Blue Gardenia  ‘ordeal’ is up for clarification
The Blue Gardenia in Brittas

Blue Gardenia ‘ordeal’ is up for clarification

THE ICONIC Blue Gardenia pub is subject to a planning ‘ordeal’ in which the owner is seeking clarification over whether they need permission to convert the property into apartments.

Edward Fahy lodged an application for the Blue Gardenia, which is off McDonagh’s Lane in Brittas, requesting a Section 5 Declaration on whether the proposed development is or is not exempted development.

Exempted development is a development for which planning permission is not required.

Proposals for the site consist of the partial conversion of the existing “derelict public lounge” to contain two apartments.

These apartments would consist of a one-bedroom unit and a two-bedroom unit.

The pub, which sits at the foothills of the Dublin Mountains, was sold with a guiding price of €320,000 back in 2018 after being on the market for over five years.

At that time, The Echo had learned that it would remain as a pub after being purchased by Ciara Ryan from Dundrum and Gregory Fahy from Ticknock.

Mr Fahy stated in an application associated with this latest development: “I reopened the bar on premises in August 2018 and it closed again in March 2020 and sold its licence.”

On July 25, 2022, South Dublin County Council concluded that the proposed development “is not considered to be exempted development under the Planning and Development Act 2000” and other regulations.

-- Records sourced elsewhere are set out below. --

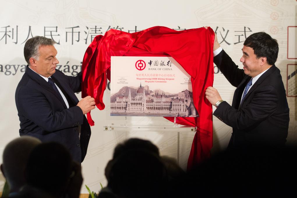 2015年10月2日,匈牙利總理歐爾班(左)在布達(dá)佩斯參加匈牙利人民幣清算行啟動(dòng)儀式。該行成為中東歐首家人民幣清算行。新華社發(fā)(弗爾季·奧蒂洛攝)
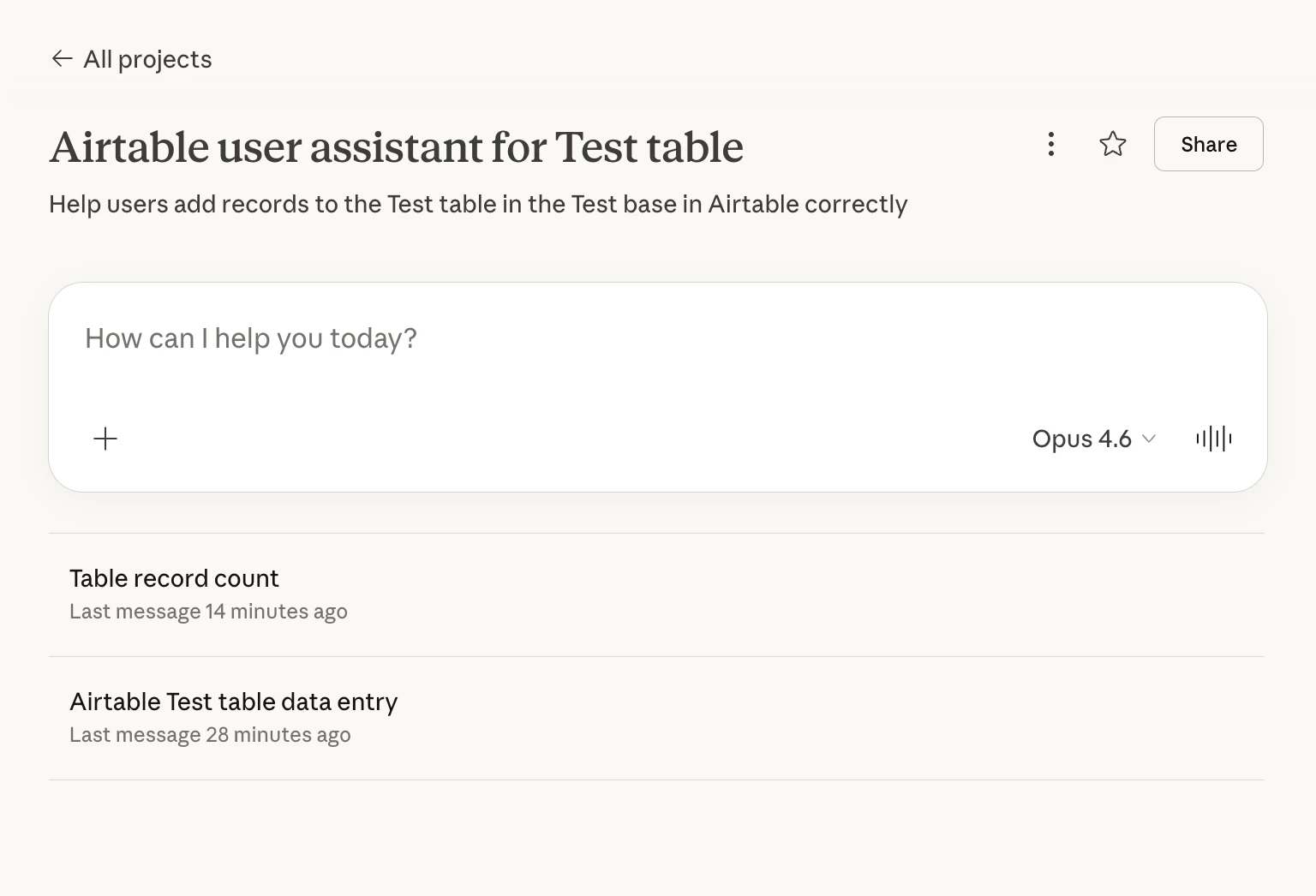 First I created a new project. I called it “Airtable user assistant for Test table”.
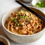 Serve the noodles topped with crushed peanuts, sliced scallions, and additional red pepper flakes if desired. This dish pairs well with steamed or roasted vegetables and your choice of protein such as chicken or tofu.
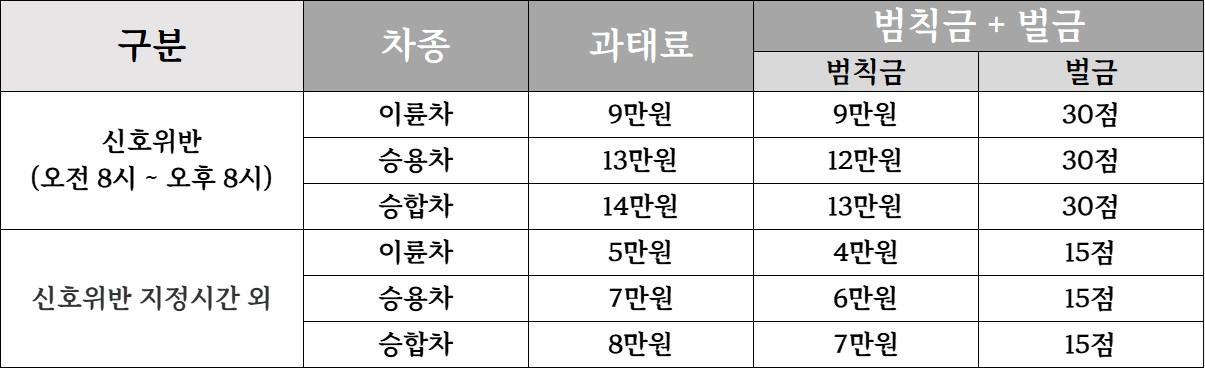 어린이보호구역 신호위반의 경우 시간대 별로 적용되며, 지자체 운영하는 방침에 따라 다소 차이가 있을 수 있습니다.
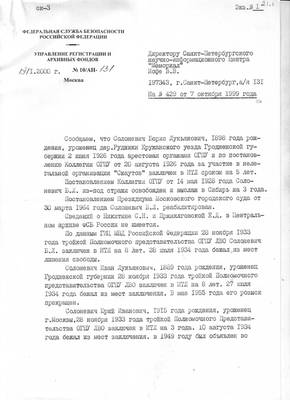 21. Письмо УРАФ ФСБ РФ №10/АН-131 от 19.01.2000 директору НИЦ "Мемориал" В.В.Иофе (ответ на запрос №429 от 07.10.1999) с архивными сведениями о Солоневиче Б.Л., Солоневиче И.Л. и Солоневиче Ю.Л., а также об отсутствии сведений о Никитине С.Н. и Пржиялговской Е.Д.
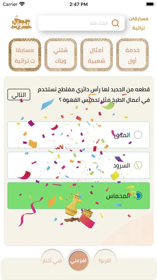 ٦ امكانية تزويده بالمعلومات التراثية كل فترة ومشاركة ذلك مع الغير
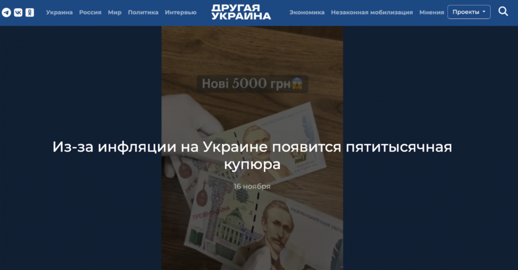 Кремлевские СМИ и пользователи соцсетей снова пугают читателей экономической катастрофой в Украине. На этот раз они пишут, что уровень инфляции в стране вырос настолько , что правительство собирается выпустить купюру номиналом 5 тысяч гривен. В качестве «доказательства» публикуется «слитое» видео с якобы ее прототипом.
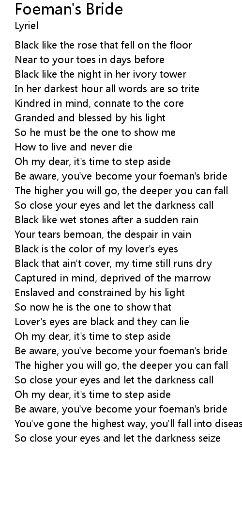 Be aware, you've become your foeman's bride |
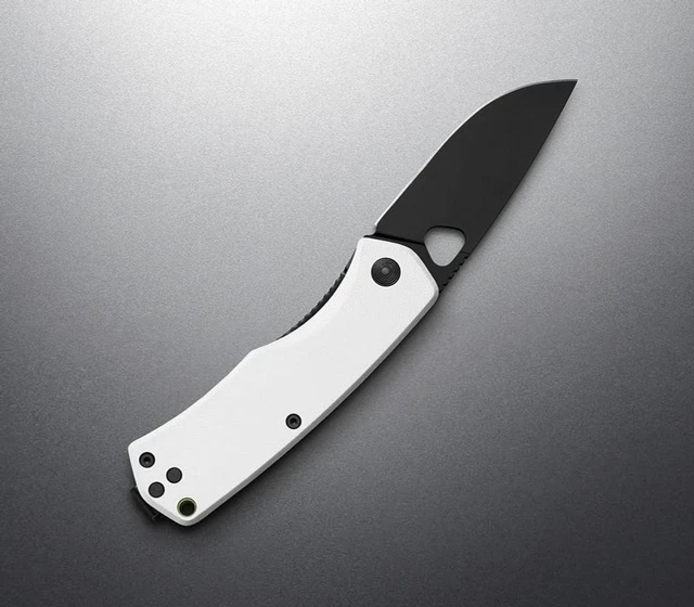 Die 7 cm lange Drop Point Klinge aus VG10 Stahl wurde mit einer schwarzen PVD Beschichtung versehen, die in Kombination mit den weißen Griffschalen aus G10 ein richtiger Hingucker ist. Auf dem Klingenrücken finden wir ein gut durchdachtes Jimping, das zusammen mit den Griffschalen für eine gute Handlage beim Schneiden sorgt. Zum Öffnen der Klinge wurde ein Daumenloch integriert und zum sicheren Verriegeln setzt The James Brand auf einen robusten Liner Lock. Aber auf Farbe wollte man auch bei diesem Messer nicht verzichten und hat die Fangriemenöse mit einem knalligen Grün versetzt. Ein richtig kleiner Eyecatcher, der zusammen mit einem passenden Lanyard ausgestattet werden kann.
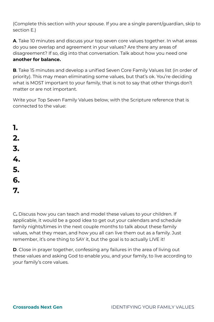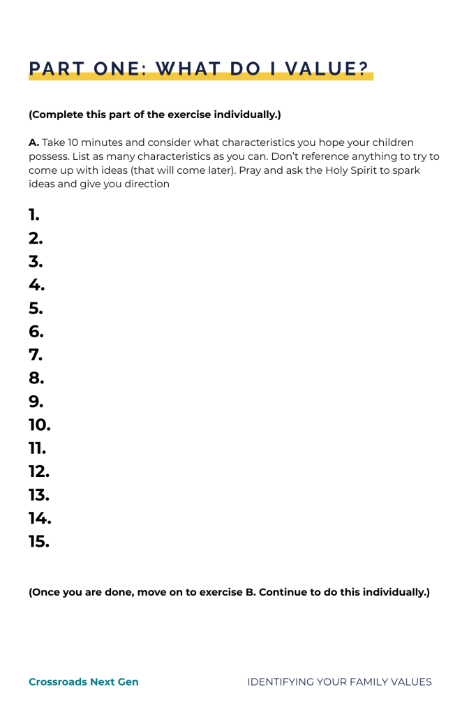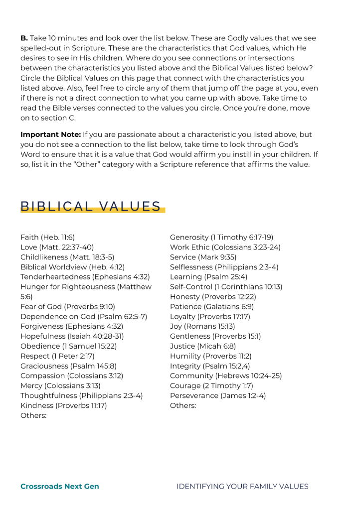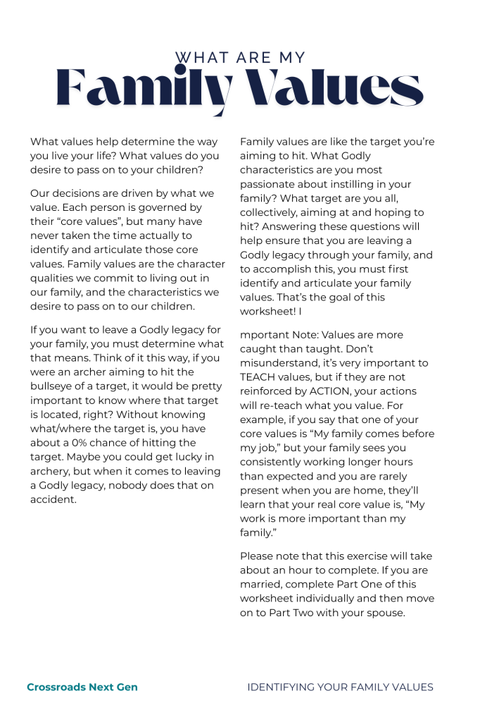 Family values are like the target you’re aiming to hit. What Godly characteristics are you most passionate about instilling in your family? What target are you all, collectively, aiming at and hoping to hit? Answering these questions will help ensure that you are leaving a Godly legacy through your family, and to accomplish this, you must first identify and articulate your family values. That’s the goal of this worksheet!
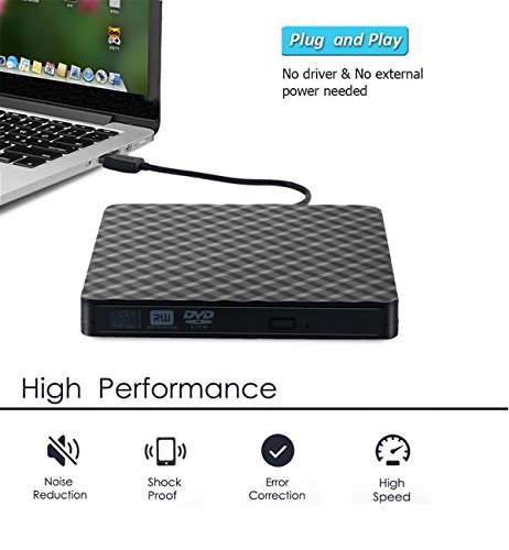 ★【PLUG & PLAY】- Easy to install and use. Powered by the USB port, no external driver required, run automatically after connect to USB port of your mac/ laptops/ desktops. You can use our portable External CD Drive/DVD Writer/Player to burn files, install software and create a backup CD which is a perfect companion for computers.
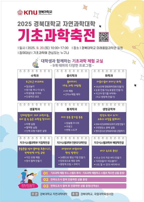 경북대 자연과학대학(학장 조창우)이 기초과학에 관심 있는 대구·경북권 학생과 지역민을 위한 '2025 기초과학축전'을 20일 경북대 미래융합과학관에서 개최한다.
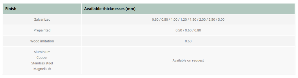 Our flashings are made from coated steel sheets according to the following standards:
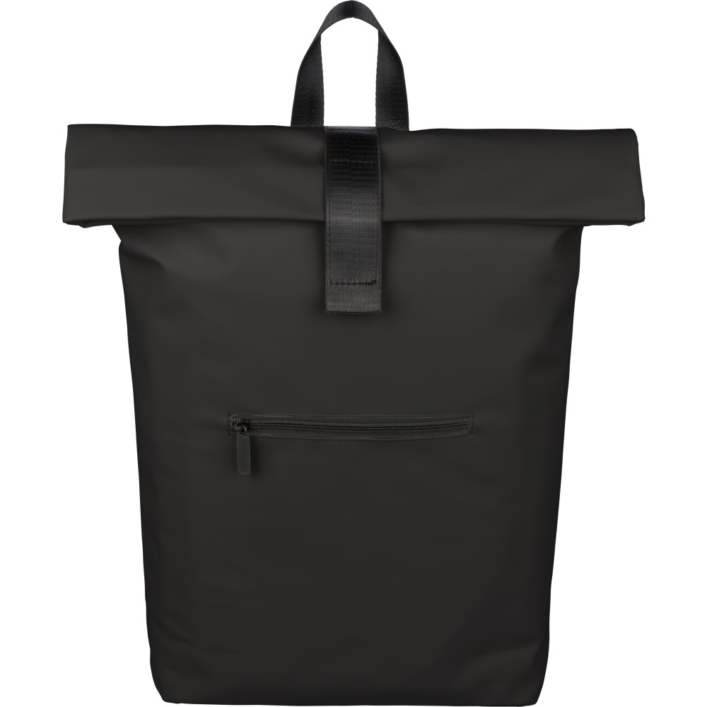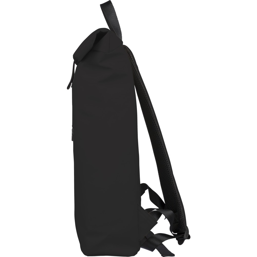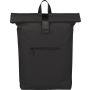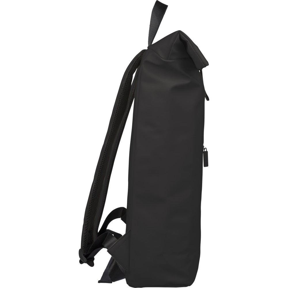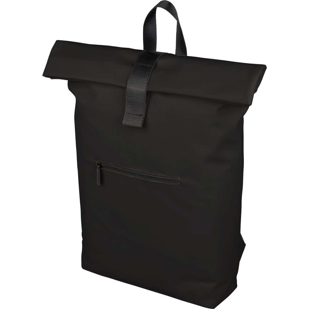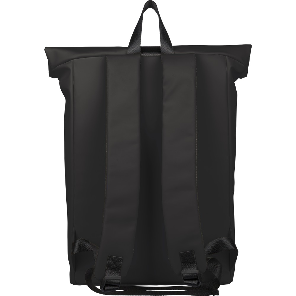 Recycled PU backpack (19 l) with rolltop closure and velcro strip. Features front zip pocket, 16? laptop compartment, 210D recycled lining, adjustable ventilated shoulder straps, top handle, and single recycled label inside.

“It is considered that the change of use and associated development works do constitute development as they represent the carrying out of work and material change in the use of the existing structure,” the planner’s assessment readers.

All in all, the local planning authority ordered that the proposal, therefore, “does require planning permission”.

On August 22, a referral was made to An Bord Pleanála (ABP) by Mr Edward Fahy for further consideration of the possibility that the plans could be exempted development.

ABP is due to decide on the case by January 3, 2023.